Paul cooks up an avocado-inspired dish that will tickle your tastebuds.
Avocado Panna Cotta:
Put milk and peeled chopped avocado into blender and puree till well combined and smooth.
Heat cream, sugar and vanilla – seeds scraped out added to cream along with the pod and bring to the boil.
Take off the heat and add the milk and avocado and gently combine.
You do not want to create air bubbles on the surface.
Put gelatin leaves into cold water and soak for about 7 or so minutes then squeeze out the water and add the leaves to the hot cream mix.
Carefully fold through until they are all dissolved. Pour into moulds or glasses and put in the fridge for 3 hours or until well set.
Cut a small cross on the bottom of each Tamarillo and then put them in a large jug or bowl and pour over boiling water.
Let them soak for a few minutes and then peel (this is the same way to peel raw tomatoes).
Chop the fruit up into small dice and put in a saucepan with the sugar and water and bring to the boil then simmer until you get the consistency you desire. I like to mash the fruit with a fork as it cooks down so that it is pulpy.
The tamarillos are lovely and sweet but also have a bitter bite from the seeds so taste for a good balance of sweet and bitter. I found that 1 tamarillo, 2 tsp of sugar and 2 tsp of water is a good balance to cook them down in but it could change depending on how ripe the fruit is.
Streak some Tamarillo Coulis across the plate then dip the mould into hot water to warm up the panna cotta so it will slip easily out of the mould and place it on the sauce.
Place a little more sauce on top of the panna cotta and garnish with some lime zest.
If serving in a glass just place a tsp or so of the sauce in the middle of the panna cotta and garnish with lime zest.

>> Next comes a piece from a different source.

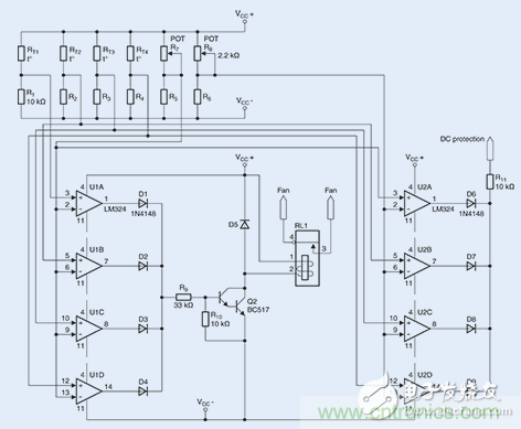2個開關(guān)閾值的參考值將通過2個微調(diào)器,即R7和R8(分別為2.2 k?)進(jìn)行設(shè)置。如上所述,兩個微調(diào)器將分別產(chǎn)生900?或550?的電阻。至于8個所需的比較器(U1A-U1D以及U2A-U2D),則采用經(jīng)濟(jì)型LM324放大器。在滿負(fù)荷跳線模式下進(jìn)行的一個持續(xù)數(shù)小時的測試表明,風(fēng)扇能夠在85℃時可靠地進(jìn)行開啟。由于系統(tǒng)具有相對較低的熱量期限,故而無需采用常用的滯回比較器電路。

My chef friend Achim from Kuche Inspirational Foods – www.kuche.com.au – gave me some of his gelatin to use so if you use another brand you may need to adjust the amount used. Also if you are putting the mixture into molds to be turned out later you will need to use about 6 leaves, if you are going to put the mix in a martini glass and serve it in that glass then you will only need 4 leaves. Also gelatin reacts differently in winter than it does in summer so make sure you read the instruction well.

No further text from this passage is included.